Caulfeild, James Edward Geale (1880–1949), 8th Viscount Charlemont , politician, was born 12 May 1880 in London, only son of Marcus Piers Francis Caulfeild (1840–95) and Louisa Gwyn Caulfeild, fourth daughter of Robert Williams of Fryars, Anglesea. Educated at Cheam School and Winchester, he succeeded his uncle, James Alfred, in the viscountcy (1913). Opposed to home rule, he took part in the Ulster Volunteer movement before being commissioned to the Coldstream Guards in 1914. He was appointed an Irish representative peer (1918), became vice-lieutenant of Tyrone (1922–39) and was elected a member of the Northern Ireland senate in 1925. In January 1926 he became leader of the senate and succeeded Lord Londonderry (qv) as minister of education in Northern Ireland. Londonderry's education act of 1923, due to its secular nature, was virulently opposed by the Orange order and protestant clergy. In 1930 Caulfeild conceded local protestant clergy an influential role in appointing teachers. Two years later he gave them the right to sit on the management committee of Stranmillis training college.
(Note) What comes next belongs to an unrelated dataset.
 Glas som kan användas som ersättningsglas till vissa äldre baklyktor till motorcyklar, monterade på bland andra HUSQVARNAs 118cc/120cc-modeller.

Regarded as a liberal unionist, Caulfeild disliked these changes and the gerrymandering of Derry city in 1936. He retired on the advice of doctors in 1937.
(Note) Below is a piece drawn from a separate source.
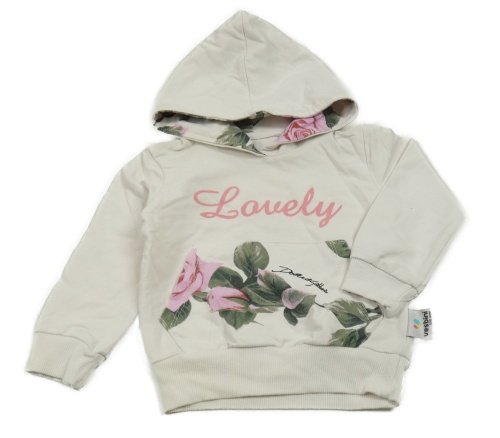 Bílá lehká mikina s lístky a nápisem a kapucí

In the following year he co-founded, with Major-Gen. Hugh Montgomery (qv) (1870–1954), and became first president of the Irish Association for Cultural, Economic, and Social Relations (the Irish Association), a position he held for eight years. A member of the advisory committee on ancient monuments in Northern Ireland, he also chaired a commission on Northern Ireland's resources. He was awarded an honorary LLD by QUB and was an honorary associate of the Royal Institute of British Architects, acting on juries that awarded the Ulster architectural medal. He died 30 August 1949 in Newcastle, Co. Down, having sold the family estate of Drumcairne, Co. Tyrone, the previous year.
He married (1914) Evelyn (d. 1941 during an air-raid in London), daughter of Edmund Charles Pendleton Hull of Surrey. They were divorced in 1940. He later married a distant cousin, Hildegarde, daughter of Rodolphe Stock-Mandell of Ruiselede, Belgium. He had no children.